(Saved data entries)
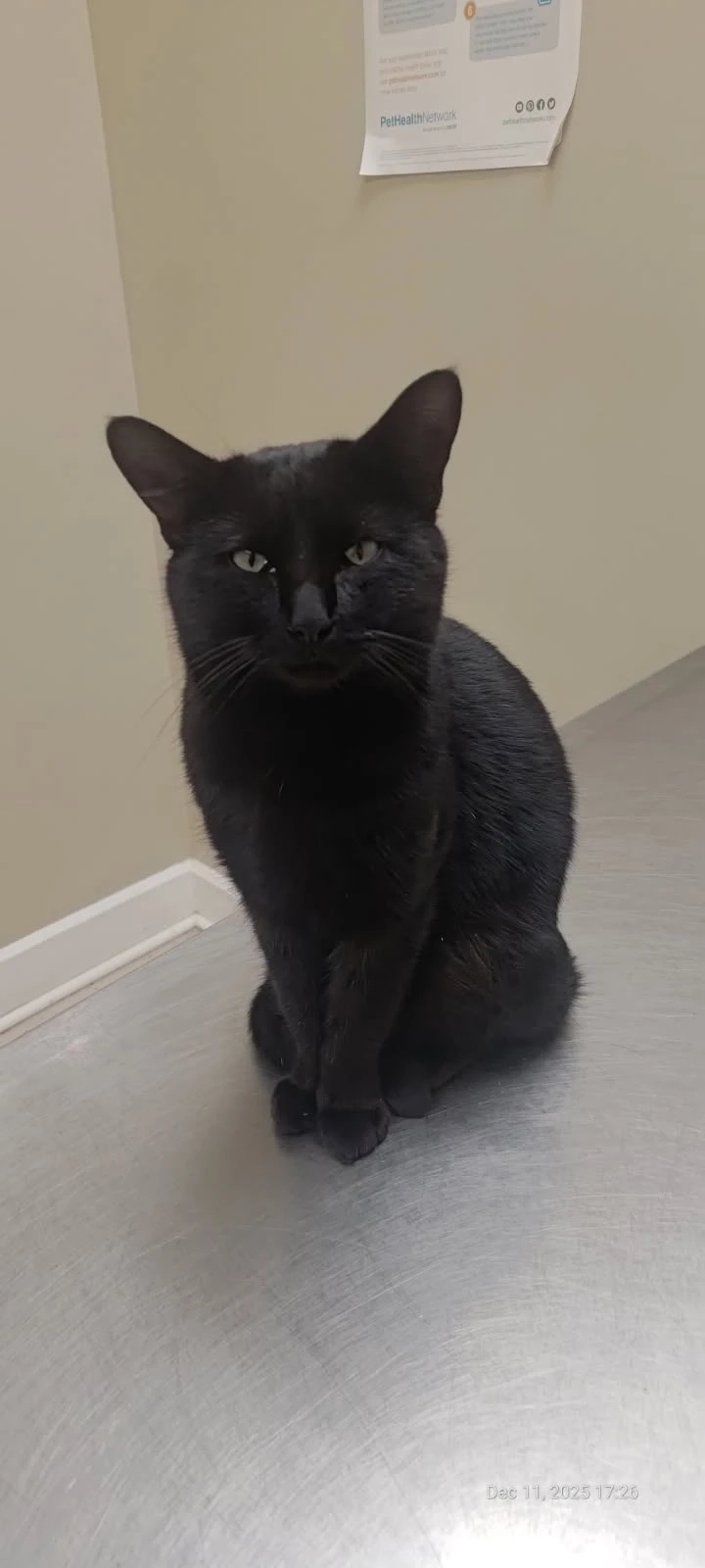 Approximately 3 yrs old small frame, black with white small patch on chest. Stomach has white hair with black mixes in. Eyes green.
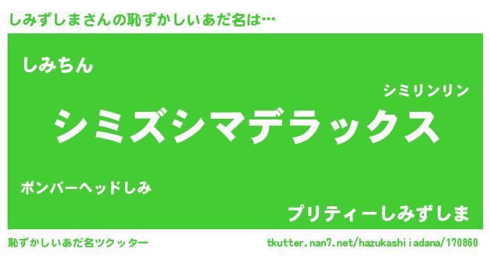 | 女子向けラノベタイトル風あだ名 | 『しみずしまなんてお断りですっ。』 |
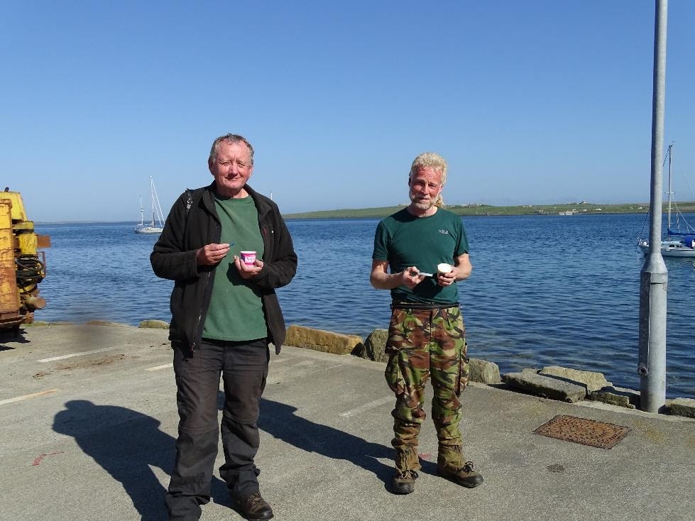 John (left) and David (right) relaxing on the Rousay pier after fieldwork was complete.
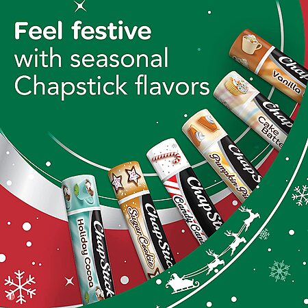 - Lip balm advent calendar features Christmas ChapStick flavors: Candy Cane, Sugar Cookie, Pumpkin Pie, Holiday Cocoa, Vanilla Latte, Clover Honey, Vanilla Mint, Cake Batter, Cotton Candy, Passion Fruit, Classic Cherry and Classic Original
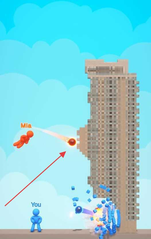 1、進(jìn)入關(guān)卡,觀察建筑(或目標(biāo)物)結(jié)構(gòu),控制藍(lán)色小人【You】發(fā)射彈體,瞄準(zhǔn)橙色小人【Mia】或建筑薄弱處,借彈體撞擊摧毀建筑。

EXERCISE OBJECTIVE:
Leave out the pictures; repeat the data exactly.

TASK SOLUTION:
 Approximately 3 yrs old small frame, black with white small patch on chest. Stomach has white hair with black mixes in. Eyes green.
 | 女子向けラノベタイトル風あだ名 | 『しみずしまなんてお断りですっ。』 |
 John (left) and David (right) relaxing on the Rousay pier after fieldwork was complete.
 - Lip balm advent calendar features Christmas ChapStick flavors: Candy Cane, Sugar Cookie, Pumpkin Pie, Holiday Cocoa, Vanilla Latte, Clover Honey, Vanilla Mint, Cake Batter, Cotton Candy, Passion Fruit, Classic Cherry and Classic Original
 1、進(jìn)入關(guān)卡,觀察建筑(或目標(biāo)物)結(jié)構(gòu),控制藍(lán)色小人【You】發(fā)射彈體,瞄準(zhǔn)橙色小人【Mia】或建筑薄弱處,借彈體撞擊摧毀建筑。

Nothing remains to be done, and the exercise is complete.